TRY IT:
Everything in the records below is to be reproduced exactly, apart from the images.

----------------

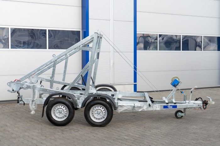 Przyczepa KTT30 V2 PRZYCZEPA KABLOWA to profesjonalne narzędzie transportowe zaprojektowane specjalnie do przewozu bębnów kablowych o średnicy do 240 cm i szerokości do 160 cm. Wyposażona w manualną wciągarkę AL-KO oraz sprężyny gazowe o sile 250 kg, zapewnia wygodę i szybkość pracy, znacznie ułatwiając załadunek i rozładunek. Konstrukcja oparta na stalowej ramie cynkowanej ogniowo oraz polietylenowych błotnikach gwarantuje trwałość i odporność na trudne warunki eksploatacji.
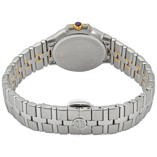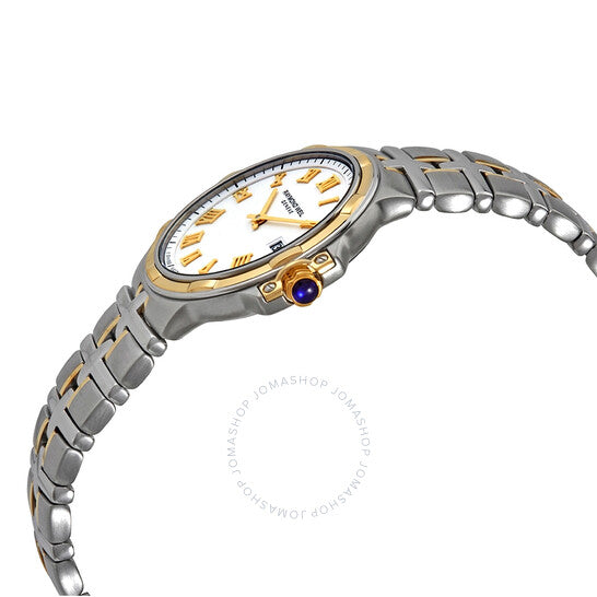 علبة من الفولاذ المقاوم للصدأ مع سوار من الفولاذ المقاوم للصدأ ثنائي اللون (فضي وذهبي أصفر مطلي بتقنية PVD). إطار ثابت من الفولاذ المقاوم للصدأ مع حلقة من الذهب الأصفر مطلية بتقنية PVD. ميناء أبيض بعقارب ذهبية اللون وعلامات ساعات رومانية. علامات دقائق حول الحافة الخارجية. نوع الميناء: تناظري. عرض التاريخ عند موضع الساعة 3. حركة كوارتز. زجاج ياقوتي مقاوم للخدش. تاج قابل للسحب/الدفع. غطاء خلفي صلب. شكل دائري. حجم العلبة: 30 مم. سمكها: 5.9 مم. قابلة للطي بمشبك أمان مزدوج. مقاومة للماء حتى عمق 50 مترًا / 165 قدمًا. الوظائف: التاريخ، الساعة، الدقيقة، الثانية. سلسلة بارسيفال. طراز ساعة رسمية. علامة الساعة: صناعة سويسرية. ساعة ريموند ويل بارسيفال نسائية بمينا بيضاء 5180-STP-00308.
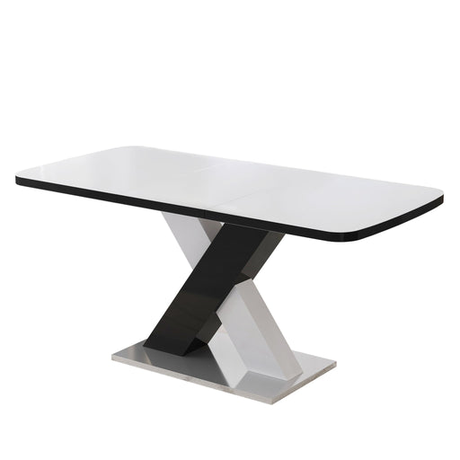 Rectangle Dining Table, Stretchable, Table Top With X Shape And Legs And Base - White / Black
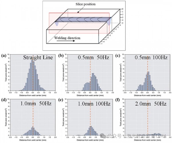 下圖描繪了距焊縫中心線不同距離處的孔隙面積分布,表示了基于孔隙面積大小的孔隙率。對(duì)于直線焊接,氣孔面積沿焊縫中心線呈對(duì)稱分布,隨著離焊縫中心線距離的增加,氣孔面積逐漸減小。結(jié)果表明,鎖孔誘發(fā)的氣孔主要集中在焊縫中心線熔池后壁后方。對(duì)于激光振蕩焊接,孔分布的對(duì)稱性變?nèi)酢?br/>
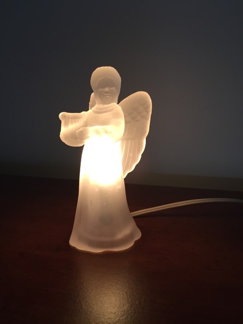 But the Christmas tree takes up more room than a small nativity scene, so I ran out of excuses this week-end and Keith and I took off the lights, dismantled the tree and hauled everything to the attic.  The den seemed awfully dark without the glow from the tree, so I dug out an angel light that had belonged to my mother-in-law and plugged it in on the bookshelf. She gave out just enough  to brighten up the corner of the room.
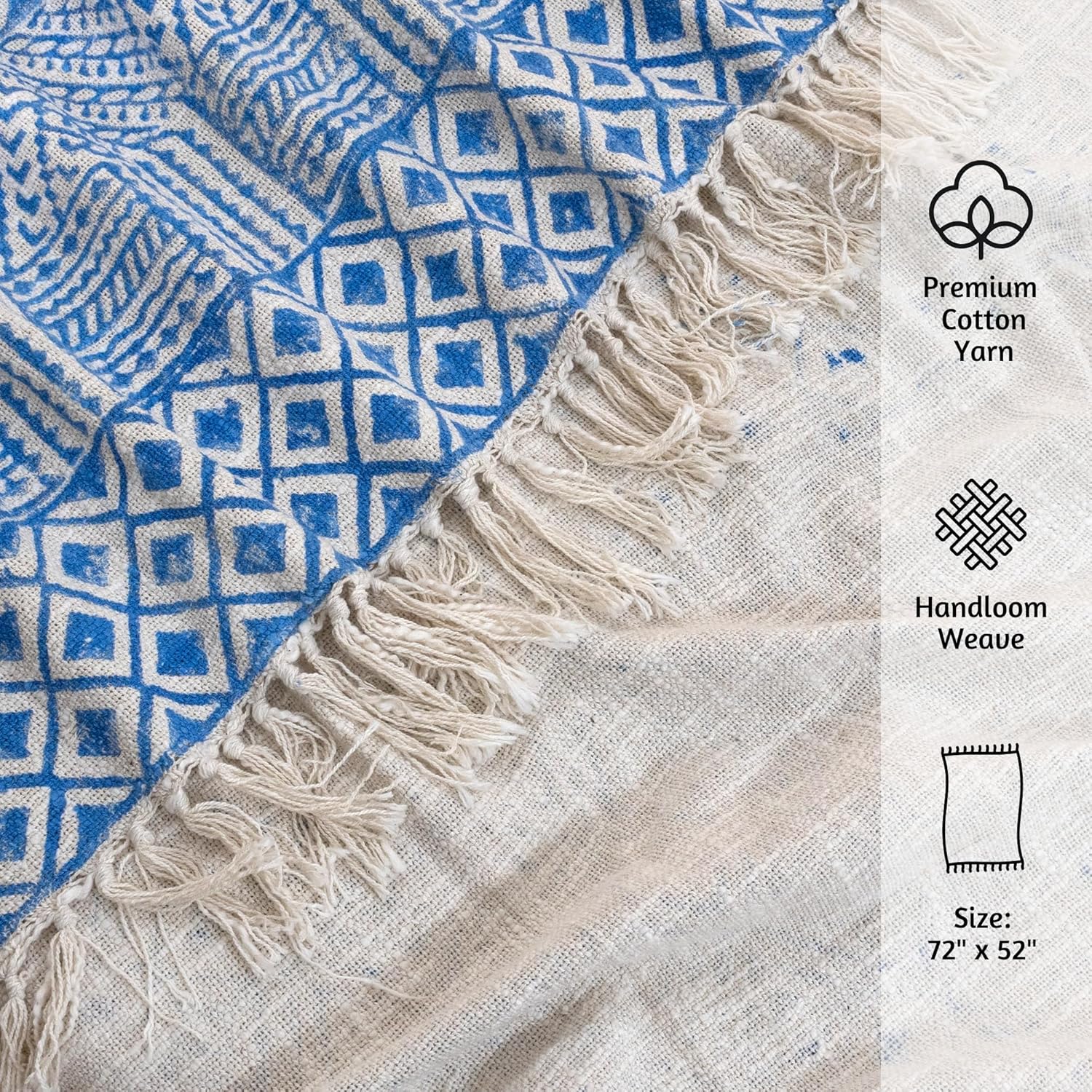 Pure Cotton Throw Blanket for Sofa Bed, Chair and Gifts | Soft Breathable Tassels All Seasons 52"x72" | Blue Tapestry

----------------

WRITTEN REPLY:
 Przyczepa KTT30 V2 PRZYCZEPA KABLOWA to profesjonalne narzędzie transportowe zaprojektowane specjalnie do przewozu bębnów kablowych o średnicy do 240 cm i szerokości do 160 cm. Wyposażona w manualną wciągarkę AL-KO oraz sprężyny gazowe o sile 250 kg, zapewnia wygodę i szybkość pracy, znacznie ułatwiając załadunek i rozładunek. Konstrukcja oparta na stalowej ramie cynkowanej ogniowo oraz polietylenowych błotnikach gwarantuje trwałość i odporność na trudne warunki eksploatacji.
 علبة من الفولاذ المقاوم للصدأ مع سوار من الفولاذ المقاوم للصدأ ثنائي اللون (فضي وذهبي أصفر مطلي بتقنية PVD). إطار ثابت من الفولاذ المقاوم للصدأ مع حلقة من الذهب الأصفر مطلية بتقنية PVD. ميناء أبيض بعقارب ذهبية اللون وعلامات ساعات رومانية. علامات دقائق حول الحافة الخارجية. نوع الميناء: تناظري. عرض التاريخ عند موضع الساعة 3. حركة كوارتز. زجاج ياقوتي مقاوم للخدش. تاج قابل للسحب/الدفع. غطاء خلفي صلب. شكل دائري. حجم العلبة: 30 مم. سمكها: 5.9 مم. قابلة للطي بمشبك أمان مزدوج. مقاومة للماء حتى عمق 50 مترًا / 165 قدمًا. الوظائف: التاريخ، الساعة، الدقيقة، الثانية. سلسلة بارسيفال. طراز ساعة رسمية. علامة الساعة: صناعة سويسرية. ساعة ريموند ويل بارسيفال نسائية بمينا بيضاء 5180-STP-00308.
 Rectangle Dining Table, Stretchable, Table Top With X Shape And Legs And Base - White / Black
 下圖描繪了距焊縫中心線不同距離處的孔隙面積分布,表示了基于孔隙面積大小的孔隙率。對(duì)于直線焊接,氣孔面積沿焊縫中心線呈對(duì)稱分布,隨著離焊縫中心線距離的增加,氣孔面積逐漸減小。結(jié)果表明,鎖孔誘發(fā)的氣孔主要集中在焊縫中心線熔池后壁后方。對(duì)于激光振蕩焊接,孔分布的對(duì)稱性變?nèi)酢?br/>
 But the Christmas tree takes up more room than a small nativity scene, so I ran out of excuses this week-end and Keith and I took off the lights, dismantled the tree and hauled everything to the attic.  The den seemed awfully dark without the glow from the tree, so I dug out an angel light that had belonged to my mother-in-law and plugged it in on the bookshelf. She gave out just enough  to brighten up the corner of the room.
 Pure Cotton Throw Blanket for Sofa Bed, Chair and Gifts | Soft Breathable Tassels All Seasons 52"x72" | Blue Tapestry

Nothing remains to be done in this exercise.